Cure models in survival analysis need systematic checks with clinical judgment and Kaplan-Meier inspection before fitting.

A machine-rendered reading of the paper's core claim, the machinery that carries it, and where it could break.

This paper presents a tutorial for deciding when cure models are appropriate in survival analysis. Traditional models assume everyone experiences the event, but in cases with curative therapies some individuals may never experience it. The authors describe a procedure combining clinical judgment, visual inspection of Kaplan-Meier curves, and quantitative evaluation to confirm identifiability conditions. They illustrate it with data from an acute myeloid leukemia trial and other hematopoietic cell transplantation datasets. Following this approach allows for more reliable estimates and better clinical decisions.

Core claim

The paper claims that a systematic procedure integrating clinical judgment, Kaplan-Meier curve inspection, and quantitative evaluation can determine whether cure models are appropriate for a given dataset, as shown in the worked example from a randomized clinical trial in acute myeloid leukemia and summarized findings from hematopoietic cell transplantation datasets.

What carries the argument

A systematic evaluation procedure that combines clinical judgment with visual inspection of Kaplan-Meier curves and quantitative metrics to assess cure model identifiability.

If this is right

Researchers avoid inappropriate application of cure models that leads to invalid estimates.
Survival analysis in curative therapy contexts becomes more reliable.
Clinical decision-making improves based on valid model parameters.
Practical guidance emerges for datasets like those in hematopoietic cell transplantation.

Where Pith is reading between the lines

These are editorial extensions of the paper, not claims the author makes directly.

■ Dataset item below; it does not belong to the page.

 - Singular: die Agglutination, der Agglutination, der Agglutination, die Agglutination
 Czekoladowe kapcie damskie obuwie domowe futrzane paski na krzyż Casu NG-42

The method could be adapted to other medical fields with potential long-term survivors.
It highlights the need for identifiability checks in other advanced statistical models.
Standardizing this evaluation might reduce misuse of cure models in published research.

Load-bearing premise

Clinical judgment combined with Kaplan-Meier visual inspection and quantitative evaluation can reliably confirm the identifiability conditions for valid cure model estimation across diverse datasets.

What would settle it

A dataset where the proposed evaluation procedure approves cure modeling but subsequent fitting reveals non-identifiable parameters or unstable estimates.

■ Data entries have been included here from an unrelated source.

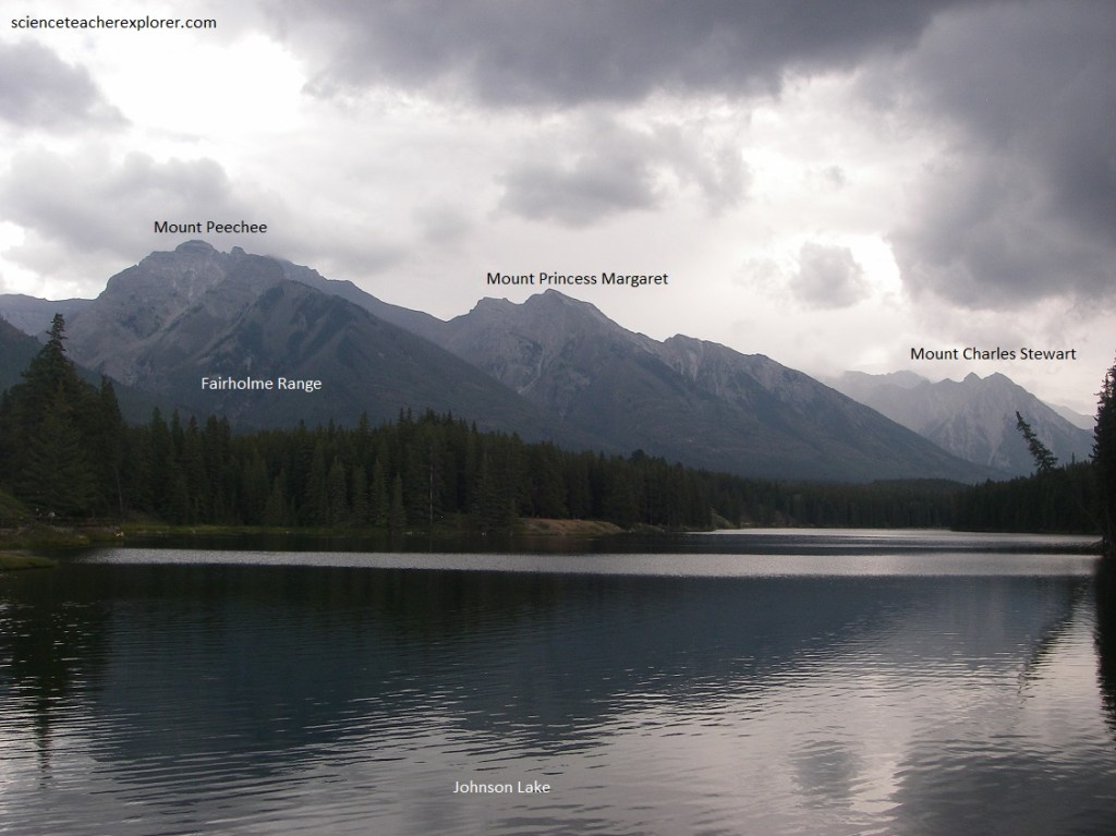 Coming into Banff National Park from the east we saw the skyline of the high Rockies beyond the foothills with tall sharp peaks, more gently rounded ones, and others with one side steep and the opposite one more gently sloping. Pictured below, from the Trans-Canadian Highway #1 we turned at the junction of Lake Minnewanka road. From this road junction the view southward shows a magnificent procession of jagged ridges along the crest of the Rundle Range on the west side of the Bow Valley. Here and there are glimpses of the Fairholme Range on the eastern side of the valley. Pictured below, Mount Charles Stewart lies to the right of the Johnson Lake Valley and Mount Princess Margaret to the left. The rocks in both of these peaks dip westward toward the Bow River valley, along which the highway #1 is located.
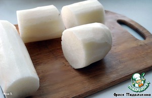 Подсвечники делаются из редиса дайкон. Его помыть, почистить, нарезать на одинаковые куски.
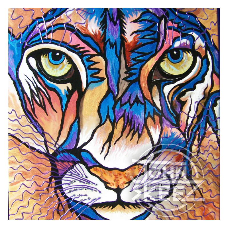 Acrylic on Canvas, Framed by John Skeez, created in 2013. Dimensions: 26″ x 32″. Second Place Award, Abstract Art Contest 2014, Hemet Valley Art Assoc. Coordinating purple “floating” wood frame.
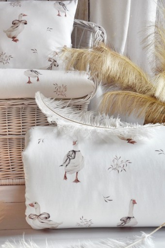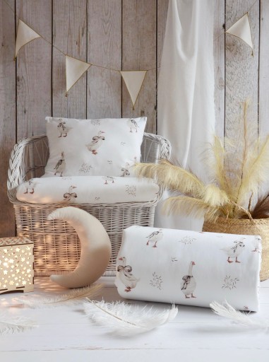 У комплект з двох частин входить пухова ковдра з антиалергічним наповнювачем розміром 75х100 см і плоска подушка 30х40 см. Ідеальний набір для дитячого ліжечка.

read the original abstract

In survival analysis, traditional models assume all individuals will eventually experience the event of interest. However, advances in therapeutics have led to multiple clinical contexts with potentially curative therapies, and in these contexts, certain individuals may never experience the event. Statisticians have developed cure models as a methodology to address this challenge. Nonetheless, despite significant statistical advances in cure models, we have seen more limited uptake in biomedical applications, and we hypothesize that this is caused by limited guidance in the appropriate application of cure models. Cure models require specific identifiability conditions for valid parameter estimation, and previous reports have demonstrated significant issues with the inappropriate application of cure models. Existing tutorials for cure models focus on model implementation and either assume or provide only limited guidance on whether cure modeling is appropriate for the given dataset. This tutorial addresses this gap by describing a systematic procedure that integrates clinical judgment, visual inspection of Kaplan-Meier curves, and quantitative evaluation. We provide a worked example using data from a randomized clinical trial in acute myeloid leukemia, and we also summarize findings from a series of other datasets of hematopoietic cell transplantation to suggest broad practical guidance for choosing to apply cure models. By systematically evaluating cure model appropriateness before fitting these models, researchers can achieve more reliable survival analysis and improved clinical decision-making.

Editorial analysis

A structured set of objections, weighed in public.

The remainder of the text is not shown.